Brick City: A Home Away From Home
Written by Ellie Edwards
Photographed by Mindy Welland
Modeled by Ellie Edwards and Gracie Potter
When a person goes to college, they are often unsure of what exactly they are there for. Most times, your parents force you to go and, well, you’re only 18, so you have no idea what you want out of life. You are still just a kid, and no one knows anything about the real world until they are smacked in the face by it. College can be stressful freshman year because you are forced to choose one thing in life that suits you for a career forever…no pressure, right? When contemplating all of the different options, you’re going back and forth in your head, hearing your dad’s voice saying to do whatever makes you the most money, and get into a field that will give you financial success. Then, on the other end, you’re telling yourself, that’s not what I want, I want to be happy, to find a career I’m passionate about, who cares about money?! Well, honestly, that internal battle never really goes away. That’s just the way life goes. In my personal experience, I went the passionate route. I decided I wanted to pursue art, I was going to explore the different mediums and find where I belonged. However, choosing a major was only the beginning, now I have to get good at it. Good enough to get a career working in it?? That instills a whole new kind of fear in a person.
So picture this, you’re getting ready for the first day of classes and notice you will be heading off campus, to a different campus, one called Brick City. Once you arrive, you come to a cluster of brick buildings right in the heart of Springfield, laid out in front of a set of train tracks. You certainly weren’t expecting to be traveling that far from the dorm on the first day. You realize the people around you are all there for the same purpose: this is the arts campus. How exciting, it’s so diverse and so playful, everybody there wants to express themselves through creativity. Fast forward to the end of the semester, you’ve spent countless hours at Brick City, logging who knows how much studio time. You register for the next semester’s classes and realize, I’m going to be here for a while.
Brick City is a place where undergraduate students studying to achieve degrees in The Arts come together. After spending years getting all too familiar with the buildings themselves, they begin to feel like a second home. Lunch between classes in he student lounge, 7 am cram sessions before your Art History exam, and even those rough weekend nights in the studio. This place gets to know you pretty well. And not only the place itself but the people within it have so much effect as well. The professors who spend their time pushing you to do better, giving you brutally honest feedback when you need it, and complementing you on your strengths simultaneously.
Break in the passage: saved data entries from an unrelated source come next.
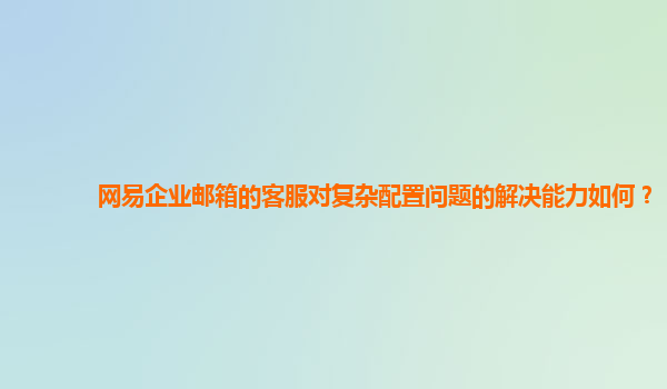 2024-10-25网易企业邮箱的客服对复杂配置问题的解决能力如何? 随着互联网技术的发展和企业信息化水平的提高,电子邮箱作为企业日常沟通和业务交流的重要工具,受到越来越多企业的重视。网易企业邮箱以其高效、稳定和安全的...
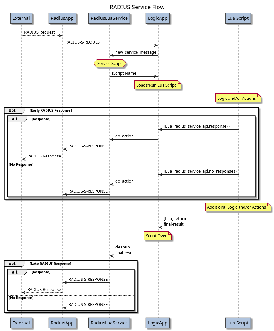 The RadiusLuaService receives messages from one or more instances of the RadiusApp which is configured to receive RADIUS Requests from an external client.
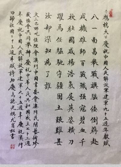 鹧鸪天……庆祝中国人民解放军建军九十五周年献赋
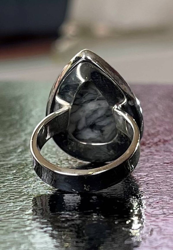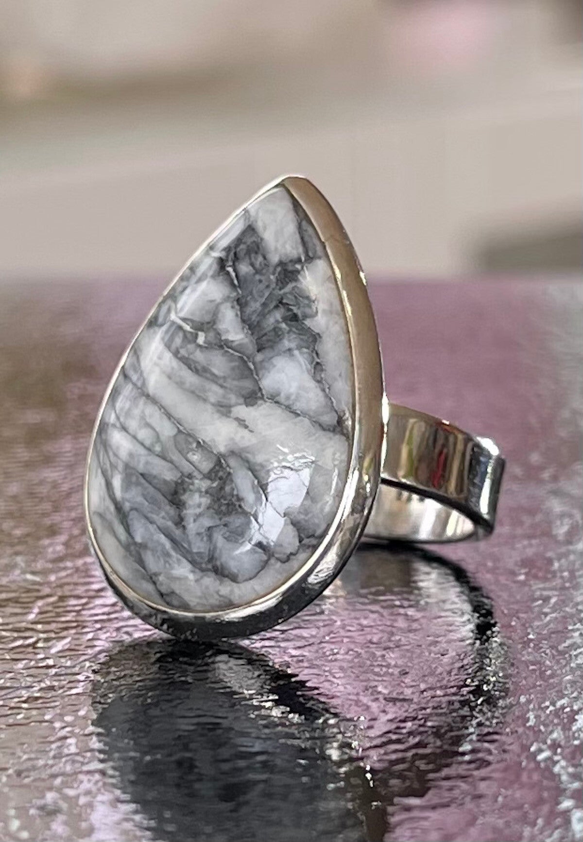 Zilveren ring met Pinoliet edelsteen cabochon druppel, uit Oostenrijk, ook wel Edelweiss Magnesiet genoemd
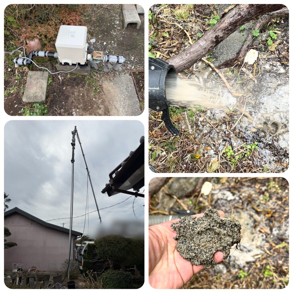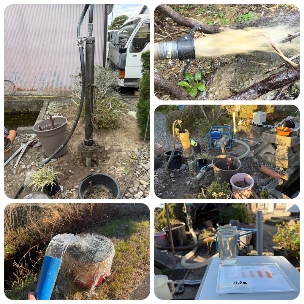 地下水が汲めなくなり井戸ポンプを新しくされたようですが、汲み始めだけエアー混じりの水が出て連続揚水できないとの事です。
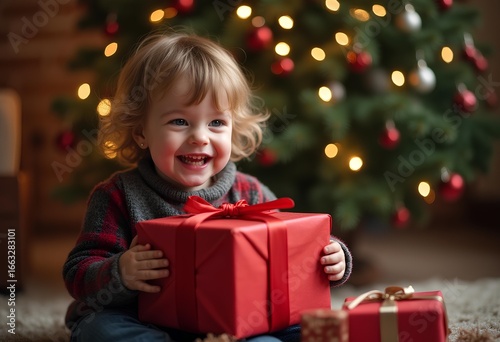 Excited toddler holding Christmas gift by tree
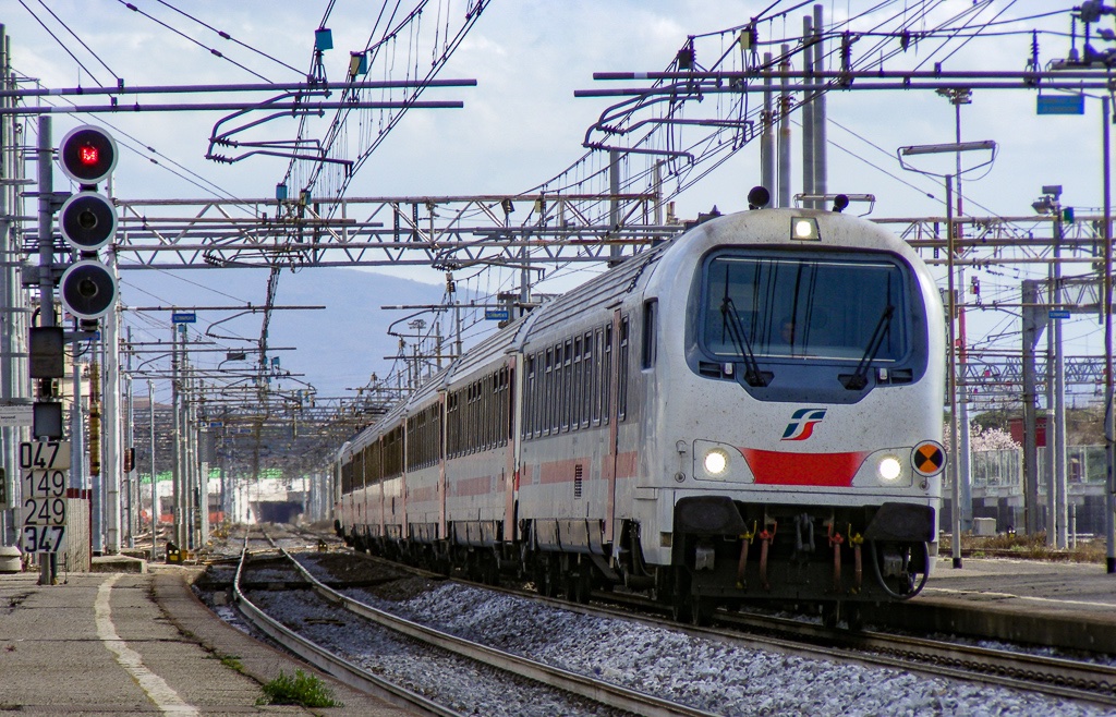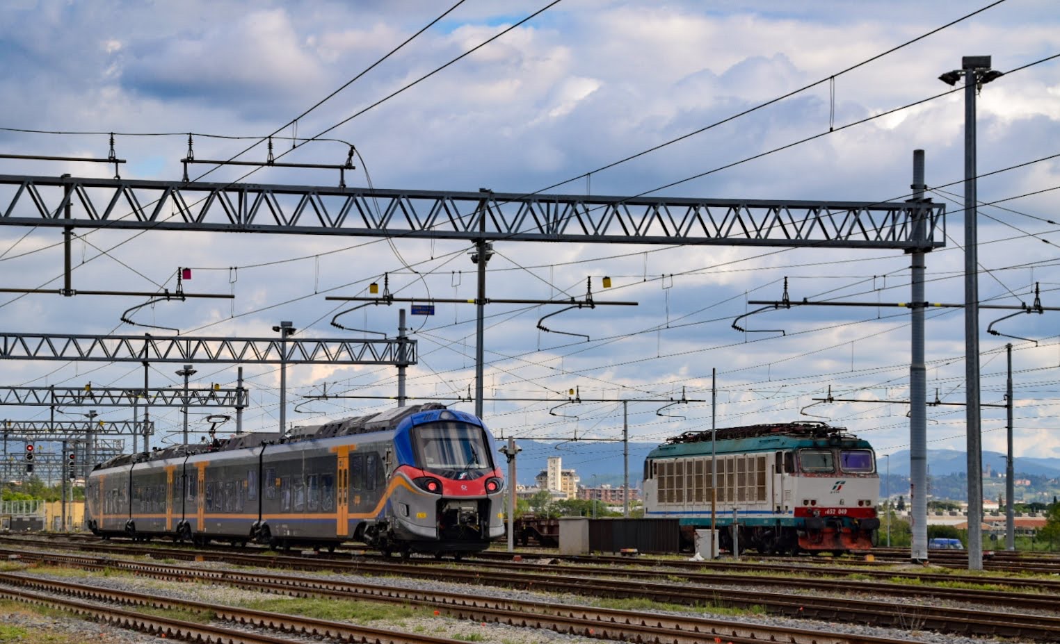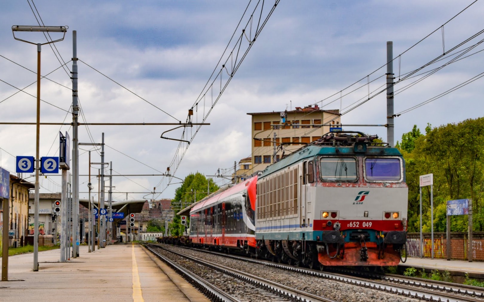 Il miracolo sarebbe anche il 652 pulito (che, di questi tempi, posso assicurarvi che è cosa alquanto rara e non solo per le unità in livrea XMPR); però ciò che più desta gli animi è cosa si sta portando dietro: trattasi dell'ETR322.001, prodotto da Newag per Ferrovie del Sud Est, il quale ha completato i test di rito presso l'Italcertifer di Firenze e ora è in consegna a FSE. Altro miracolo è stato il tempo (fortuitamente soleggiato) ma che, come vedrete di seguito, non ha risparmiato il transito successivo:

You think you spend a lot of your time there? Try being them. These people spend their lives trying to train the artists of tomorrow, and in my experience, they are doing a wonderful job at it. I feel as though during my time at Brick City, I have come to appreciate and even befriend many of my professors, and I genuinely know I will take the advice they have given me with me throughout life. I think my classmates would agree. And I feel the same about them as well. I have watched my classmates grow and develop their skills as artists, and it has been such a pleasure. It is crazy to watch people grow. I still feel like a child. Yet I look around and somehow we’re adults.
Being able to make friends through your mutual love of art is such a lucky thing. Watching graduating seniors wrap up their portfolios and begin setting up for their senior exhibition makes me so excited to see where life takes them next. Looking back on time spent at Brick City, it feels like it passed in the blink of an eye, you look away for one second, and suddenly four years have passed, and you’re applying to jobs that come with a 401k. What a truly bittersweet feeling, I’m so grateful for my time spent here, for the friends I’ve made, and for the lessons I have learned along the way.